There’s an irony that just over ten minutes walk away from Southampton’s St. Mary’s stadium is reputedly the spot where king Canute tried to reprove his courtiers by ordering the tide to turn back; Ironic because Chairman Ralph Krueger’s insistence that Jay Rodriguez and Morgan Schneiderlin are not up for sale seems to be a similar exercise in futility.

Ever since manager Pochettino was lured away by Spurs in May following his successful inaugural season in the Premier League where his style of play won both plaudits and a well regarded 8th place finish for the club Saints fans have braced themselves for an exodus of playing staff.

The situation was only exasperated by the shop window afforded by a World Cup tournament however, only the most pessimistic could have predicted the unprecedented number of players making for the exit. Whilst few fans would begrudge Rickie Lambert a boyhood dream move after years of loyal service and goals which have seen the club rise from the depths of League One, and most expected Adam Lallana and Luke Shaw to depart for big clubs, the loss of Calum Chambers and Dejan Lovren is an altogether harder pill to swallow.

While Pochettino’s main concern is to avoid the slide into mediocrity which undid Glenn Hoddle who made the same move from the South Coast to London in 2001 his replacement Ronald Koeman – a man still best known in England for allegedly costing Graham Taylor his job as England manager – faces a full-blown crisis.

With the beginning of the Premier League season fast approaching Koeman has only succeed in completing two permanent signings, those of Graziano Pelle from his former club Feyenoord and Dusan Tadic from FC Twente along with the addition of Ryan Bertrand on a season-long loan from Chelsea. This lack of recruitment despite recouping a reported figure of around £75 million in transfer fees is also leading to renewed concerns among sections of the fanbase about the intentions of club owner Katharina Liebherr, who inherited the club from her late father Markus.

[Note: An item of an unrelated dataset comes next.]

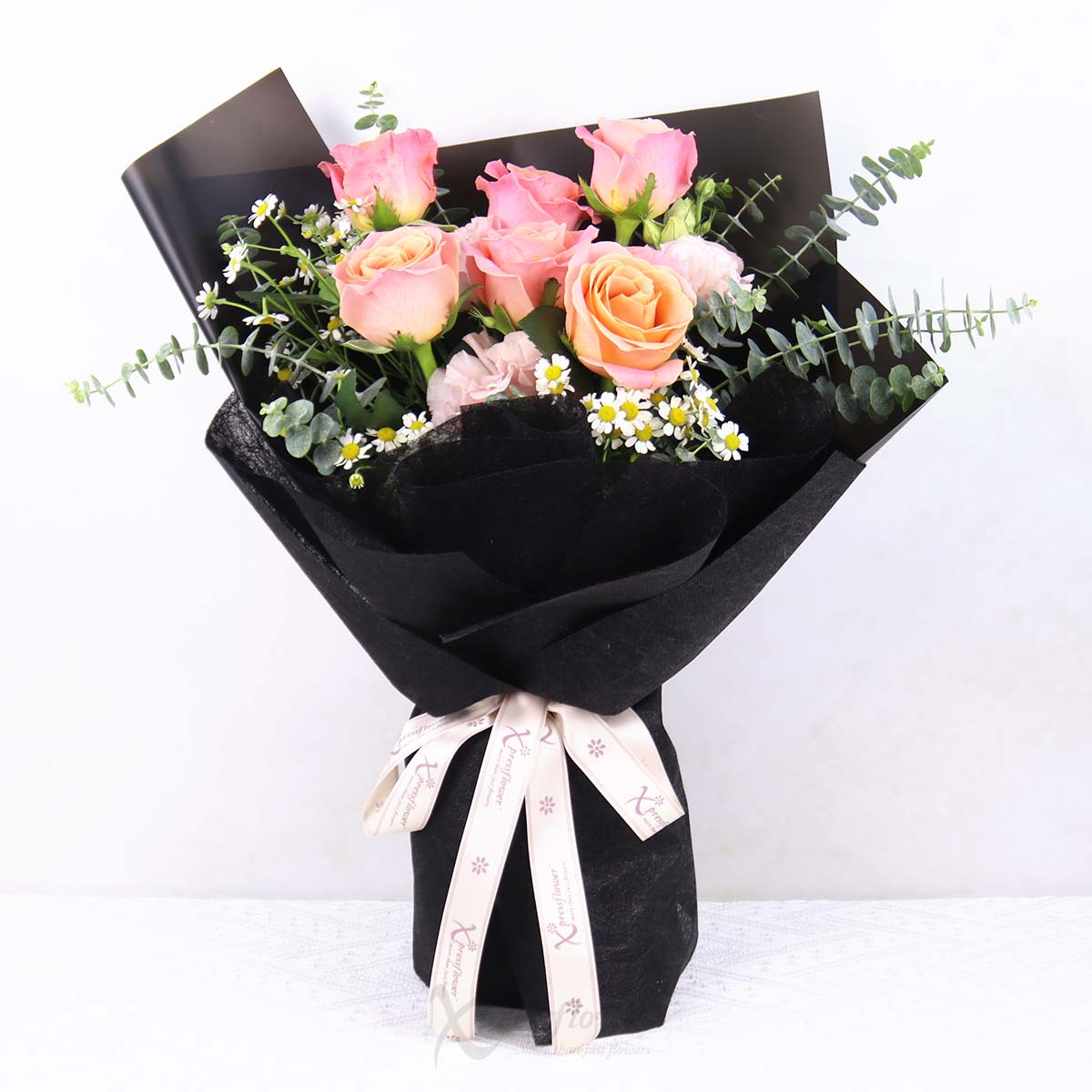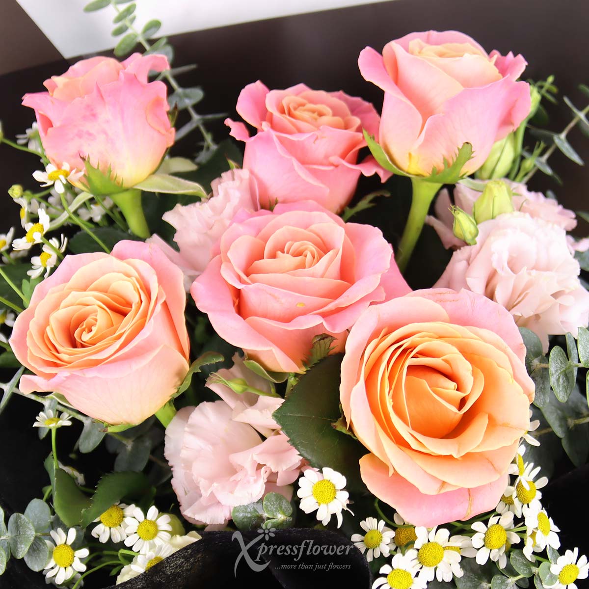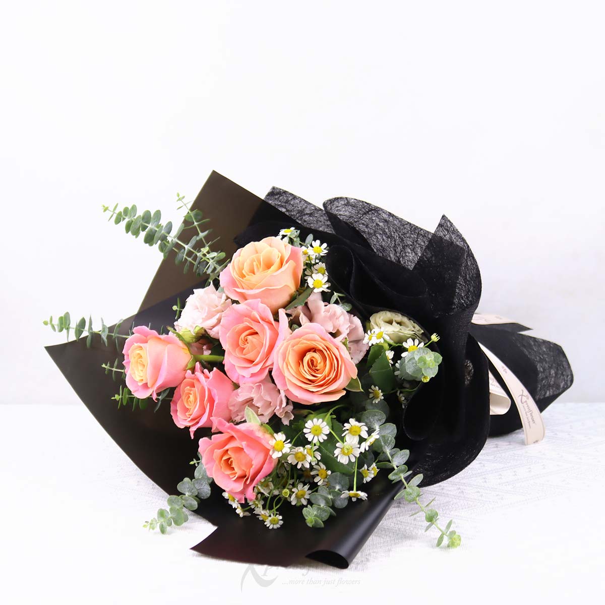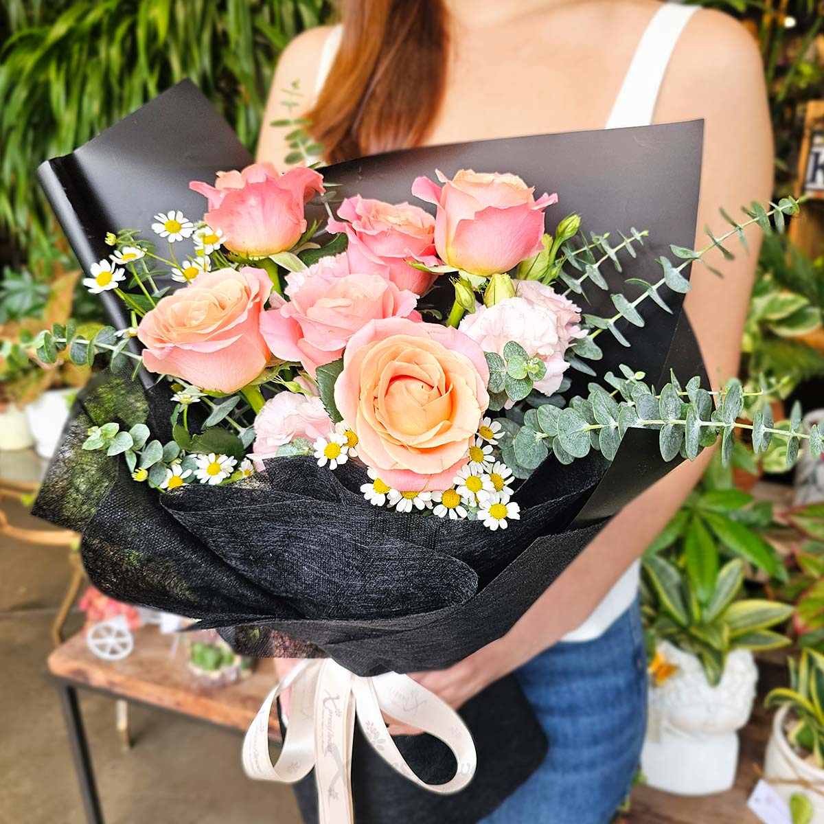 Chic and charming, this fresh flower bouquet of 6 stalks pink piggy roses, apricot eustoma, chamomile, and eucalyptus is wrapped in bold black for that modern edge. A go-to gift for birthdays, appreciation, or “just because” moments, this bouquet is perfect because timeless blooms never go out of style.

With Krueger coming out to categorically insist that the club aren’t up for sale, perhaps the harder truth for Southampton fans – also spoilt by years of Le Tissier loyalty – is that in the era of big-money Champions League football the club will always struggle to the retain players, or managers whose success puts them on the radar of bigger clubs. As Canute proved, not so far away, it isn’t easy to turn back the tide.